Selon certains auteurs, elle est pratiquée depuis
longtemps, aussi longtemps que des tiers interviennent dans les conflits
d'autrui. Contrairement à ce que laisse supposer le développement
spectaculaire de la médiation au cours de ces dernières
décennies, cette notion n'est pas nouvelle.
Il est possible d'identifier une amorce de médiation
dans les récits sumériens vieux de plus de 4000
ans131. Cette société avait recours fréquemment
à la médiation pour résoudre les différends entre
ses citoyens. Les Sumériens ne sont pas un cas isolé, de nombreux
récits de médiation ont été rapporté avant
notre ère, tant en Chine impériale qu'en Grèce antique. La
culture de la Grèce antique, avec le courant philosophique platonicien
visant à faire réfléchir les personnes sur leurs relations
aux autres et, conséquemment à soi-même. La maïeutique
instrumentait cette recherche.
L'outil maïeutique avait pour objectif de permettre
à une personne d'exprimer ses connaissances en soi, en l'occurrence qui
auraient été acquises dans ses vies antérieures. Le
philosophe mettait en pratique ce savoir-faire pour qu'une personne puisse
réfléchir et exprimer le meilleur d'elle-même. Cette
maïeutique était ainsi un véritable acte médiateur du
philosophe.
Dès le XVIIIe siècle, la médiation va
apparaitre comme un instrument de pacification des relations internationales.

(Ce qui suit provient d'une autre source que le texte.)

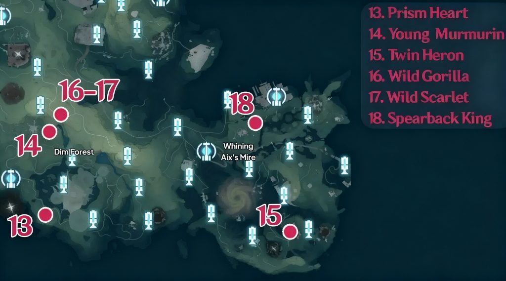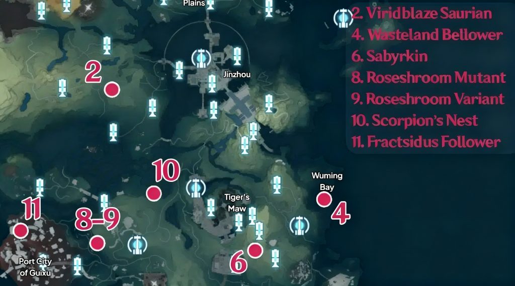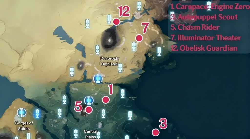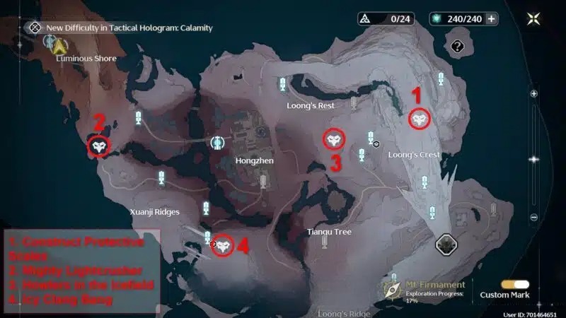 Все элитные мобы пронумерованы по уровню сложности. Карта разделена на северную, центральную и южную зоны Хуанлуна, плюс Гора Небесная Твердыня (Mt. Firmament).

Mais la conception de celle-ci, en tant que discipline à part
entière s'affirme à la fin du XXe siècle. Elle se diffuse
avec l'acceptation de la médiation conventionnelle, hors de tout
contexte judiciaire. Elle apportera aux parties d'un différend les
moyens de reposer une situation qui pose problème, d'y
réfléchir et de chercher la meilleure solution possible pour
retrouver ou trouver un terrain d'entente.
La médiation s'est ainsi progressivement
transposé dans divers domaines de la vie sociale, conflits collectifs du
travail, économiques, de famille et même sur le plan fiscal.
D'où le recours à la médiation fiscale.
C'est un processus de règlement des différends
fiscaux qui implique de faire appel à un médiateur qui aide les
parties à atteindre une compréhension commune des enjeux et de
131 LEONARD (W.), The sumerian, New York, W. W. Norton
& Company, 1965.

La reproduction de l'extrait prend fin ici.